German semiconductor manufacturer, Azzurro LED Technologies, announced during a talk at ICNS-10 that the company’s technology has reached the capability of achieving “1 bin” GaN-on-Si LED wafers. While showing production values of less than 3 nm wavelength uniformity, the 1.0 nm result came straight from development. The record 1.0 nm result demonstrates the capability to achieving “1 bin” GaN-on-Si LED wafers.
After questions about achieving competitive brightness and efficiency levels have been answered by various GaN-on-Si contenders, the yield question has remained open. The large mismatch of crystal lattice structure and thermal expansion coefficient cause highly bowed LED wafers after and during growth. This in turn has a very big negative impact on uniformity levels for wavelength, forward voltage and output power. The company uses its proprietary and patented strain-engineering and growth technologies to overcome these obstacles.
Breakthrough uniformity from production for wavelength (< 3 nm or 0.6%), forward voltage (1.3%) and output power (3.9%) for highly reduced binning were shown at the ICNS-10 in Washington D.C., U.S. together with excellent crystal quality values for 150 mm blue emission GaN-on-Si LED wafers (all values are standard deviation). At the same time equally impressive values for 200 mm LED wafers show the company's technological scalability. Manufacturability parameters like low bow (< 20 µm) and very good thickness uniformities (1.7%) are not compromised on. Based on these achievements the technical team continues to push for the ultimate “1 bin” wafer aim and demonstrated the benchmark result for wavelength with only 1.0 nm uniformity and a min/max value of 5 nm (one wavelength bin). (See graph below.)

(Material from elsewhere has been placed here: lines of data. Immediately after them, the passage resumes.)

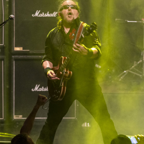 The singer has a strong and powerful voice, though one might wish for a tone slightly closer to Lemmy’s distinctive timbre to complete the tribute. That said, the performance remains convincing and gets the crowd moving.
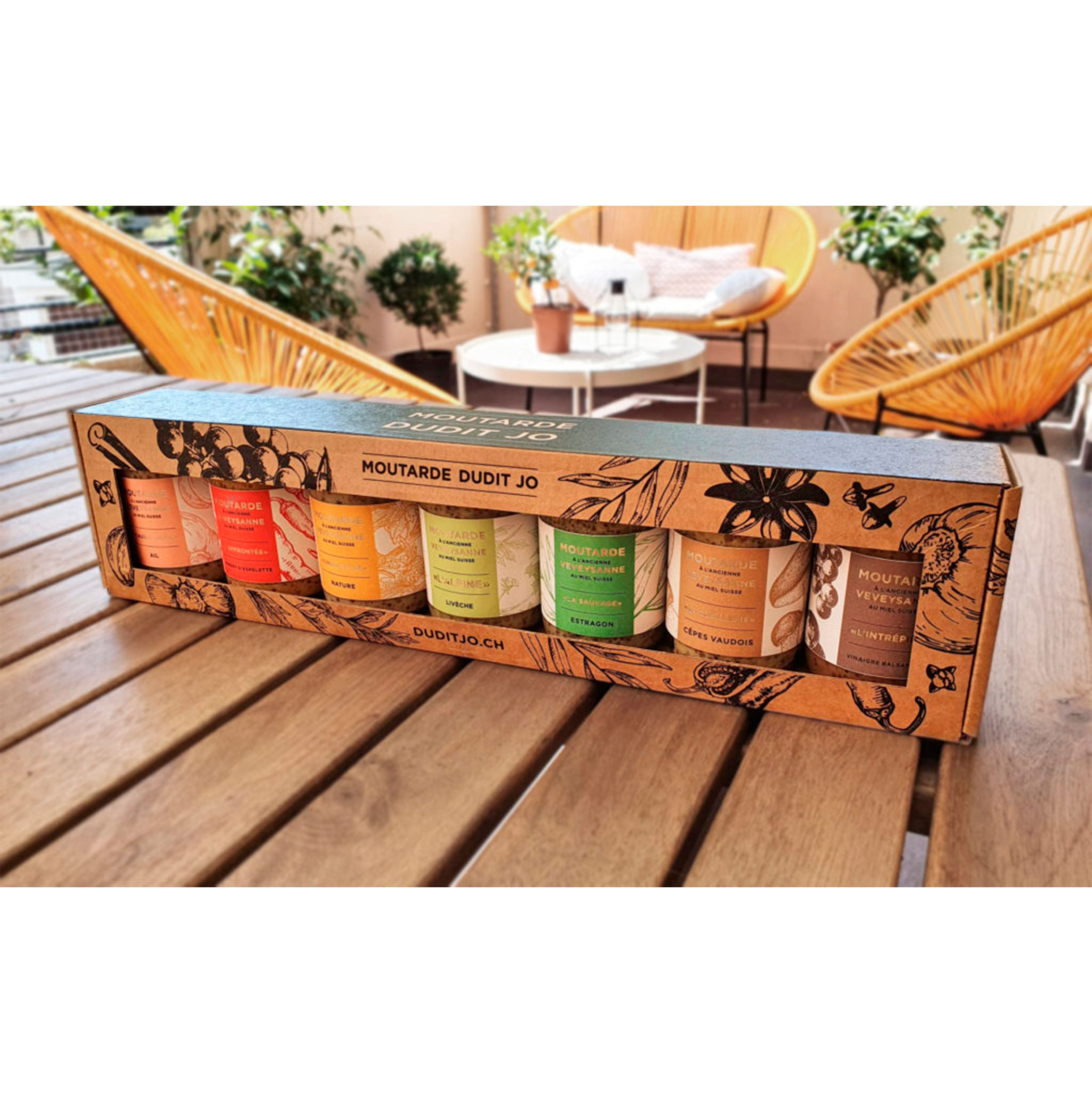 Coffret de dégustation comprenant les moutardes suivantes au format 100g: Nature, ail, estragon, piment d’espelette, livèche, cêpes et vinaigre balsamique.
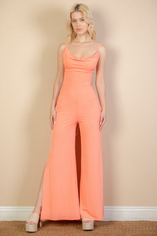 Ribbed Cowl Neck Backless Split Wide Leg Jumpsuit
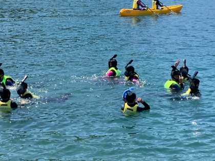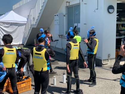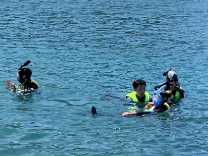 太平洋の荒波!? ではなく穏やかな波の中、楽しんでいます。
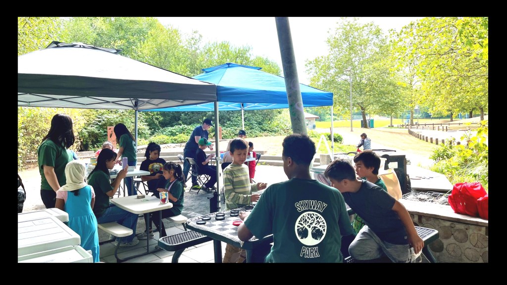 A typical summer in skyway for our program looks as the following; we head out to the park, mosey on over yonder to the chaise, grab our supplies, set up and hand out free lunches, arts and crafts projects and most importantly memories.
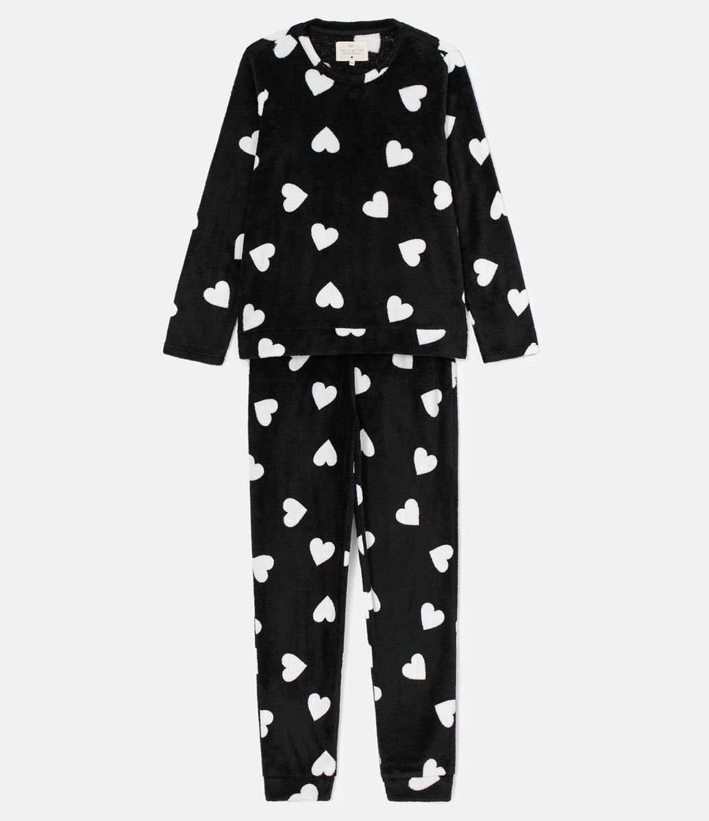 Renner pijama manga longa Clearance, Pijama Blusa Manga Longa e Calça em Moletom com Estampa de Corações Rosa Clearance

Azzurro LED Technologies demonstration of the 1.0 nm wavelength on GaNon-Si LED technology. (Photo: Azzurro LED Technologies)
Azzurro’s latest results from production and development clearly prove that in addition to the cost advantages from lower cost substrates and by using standard silicon fabs for LED chip processing GaNon-Si LED wafers with the right strain-engineering technology can also help reduce binning dramatically.
The company's co-founder and CMO, Alexander Loesing, who is also heading its LED Technologies business unit, commented on the results: “We are very proud of our team’s record 1.0 nm achievement. With these results we show that our GaN-on-Si technology can bring the LED industry closer to the aim of making “1 bin” LED wafers.”